**WHAT THE EXERCISE ASKS:** Return the entries below word for word. No picture belongs in the copy.

**GIVEN DATA:**
=-=-=
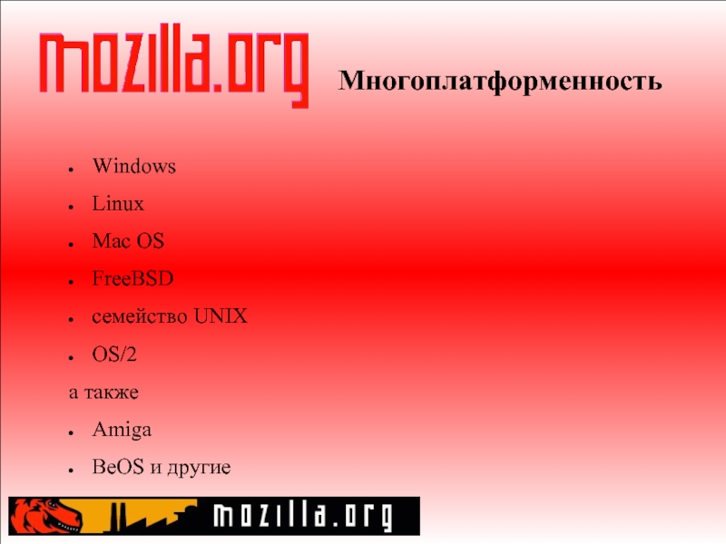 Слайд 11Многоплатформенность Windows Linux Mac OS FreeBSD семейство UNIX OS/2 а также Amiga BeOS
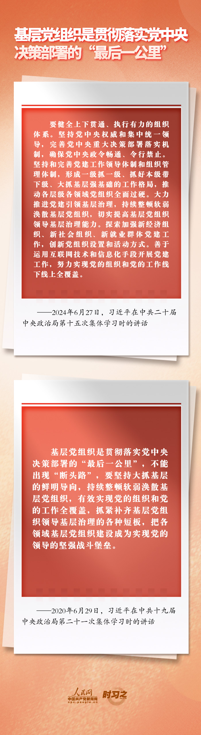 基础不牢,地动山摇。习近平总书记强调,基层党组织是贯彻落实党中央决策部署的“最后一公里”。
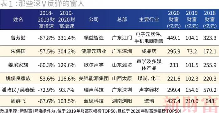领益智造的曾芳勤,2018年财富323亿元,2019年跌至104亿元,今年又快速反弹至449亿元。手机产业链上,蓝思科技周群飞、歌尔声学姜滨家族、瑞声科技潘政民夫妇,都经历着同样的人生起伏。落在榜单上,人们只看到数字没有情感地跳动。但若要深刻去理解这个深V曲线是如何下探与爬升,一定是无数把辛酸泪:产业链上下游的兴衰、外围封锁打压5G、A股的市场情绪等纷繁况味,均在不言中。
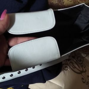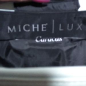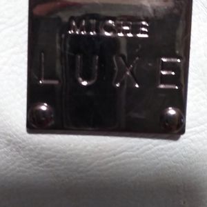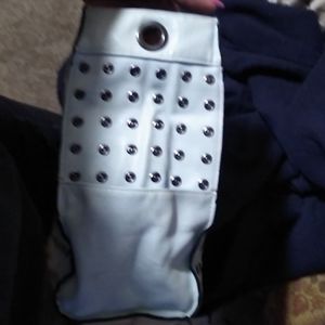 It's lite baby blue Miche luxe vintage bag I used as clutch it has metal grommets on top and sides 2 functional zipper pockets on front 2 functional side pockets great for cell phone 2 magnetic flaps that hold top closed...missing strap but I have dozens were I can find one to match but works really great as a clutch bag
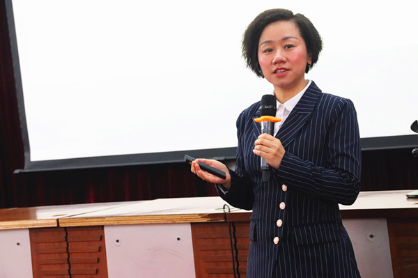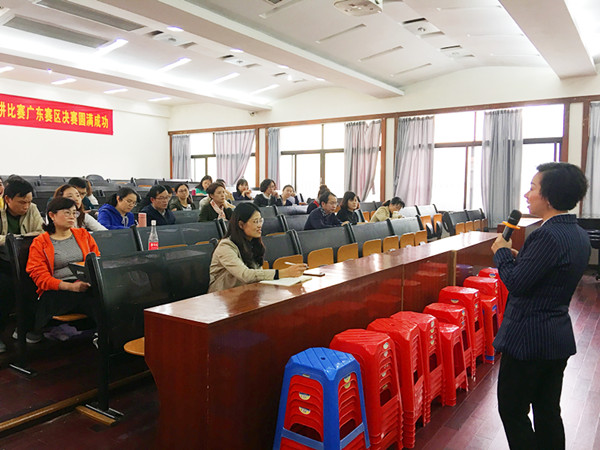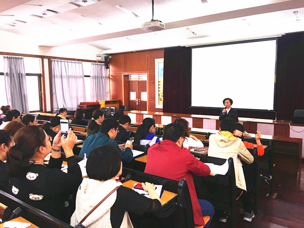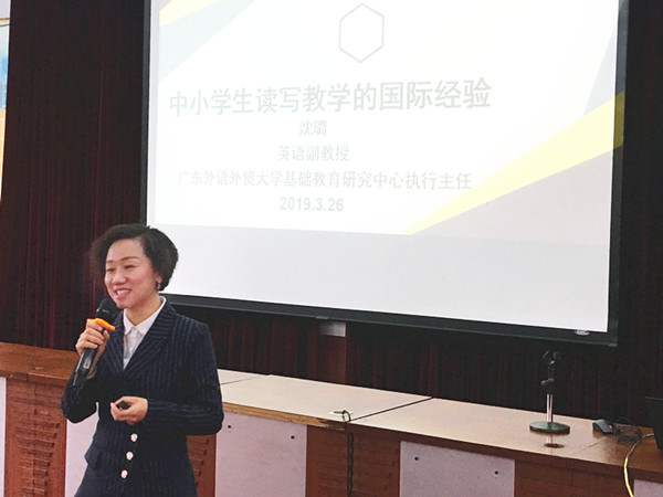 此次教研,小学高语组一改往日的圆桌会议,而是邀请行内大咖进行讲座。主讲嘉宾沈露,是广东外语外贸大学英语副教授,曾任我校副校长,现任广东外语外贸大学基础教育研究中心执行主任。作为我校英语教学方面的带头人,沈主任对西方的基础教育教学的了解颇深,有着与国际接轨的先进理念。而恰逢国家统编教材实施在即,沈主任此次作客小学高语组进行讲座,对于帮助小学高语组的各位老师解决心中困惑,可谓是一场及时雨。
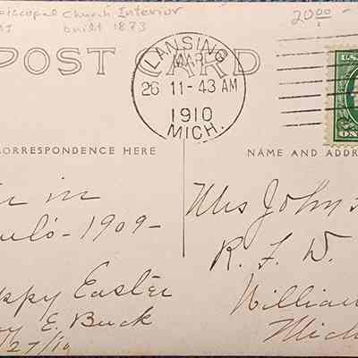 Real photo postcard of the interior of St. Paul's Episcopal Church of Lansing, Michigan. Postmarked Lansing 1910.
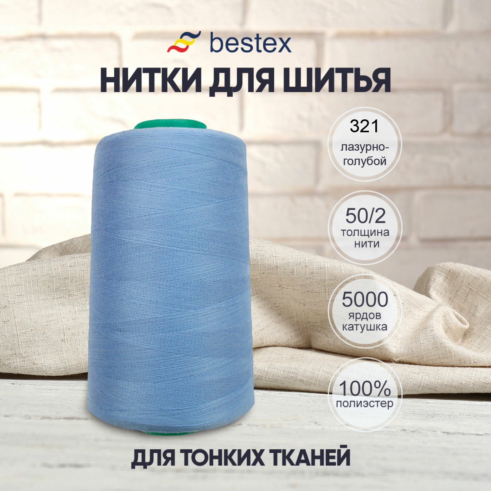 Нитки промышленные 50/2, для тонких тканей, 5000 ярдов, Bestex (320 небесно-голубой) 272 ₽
=-=-=
**TASK SOLUTION:**
 Слайд 11Многоплатформенность Windows Linux Mac OS FreeBSD семейство UNIX OS/2 а также Amiga BeOS
 基础不牢,地动山摇。习近平总书记强调,基层党组织是贯彻落实党中央决策部署的“最后一公里”。
领益智造的曾芳勤,2018年财富323亿元,2019年跌至104亿元,今年又快速反弹至449亿元。手机产业链上,蓝思科技周群飞、歌尔声学姜滨家族、瑞声科技潘政民夫妇,都经历着同样的人生起伏。落在榜单上,人们只看到数字没有情感地跳动。但若要深刻去理解这个深V曲线是如何下探与爬升,一定是无数把辛酸泪:产业链上下游的兴衰、外围封锁打压5G、A股的市场情绪等纷繁况味,均在不言中。
 It's lite baby blue Miche luxe vintage bag I used as clutch it has metal grommets on top and sides 2 functional zipper pockets on front 2 functional side pockets great for cell phone 2 magnetic flaps that hold top closed...missing strap but I have dozens were I can find one to match but works really great as a clutch bag
 此次教研,小学高语组一改往日的圆桌会议,而是邀请行内大咖进行讲座。主讲嘉宾沈露,是广东外语外贸大学英语副教授,曾任我校副校长,现任广东外语外贸大学基础教育研究中心执行主任。作为我校英语教学方面的带头人,沈主任对西方的基础教育教学的了解颇深,有着与国际接轨的先进理念。而恰逢国家统编教材实施在即,沈主任此次作客小学高语组进行讲座,对于帮助小学高语组的各位老师解决心中困惑,可谓是一场及时雨。
 Real photo postcard of the interior of St. Paul's Episcopal Church of Lansing, Michigan. Postmarked Lansing 1910.
 Нитки промышленные 50/2, для тонких тканей, 5000 ярдов, Bestex (320 небесно-голубой) 272 ₽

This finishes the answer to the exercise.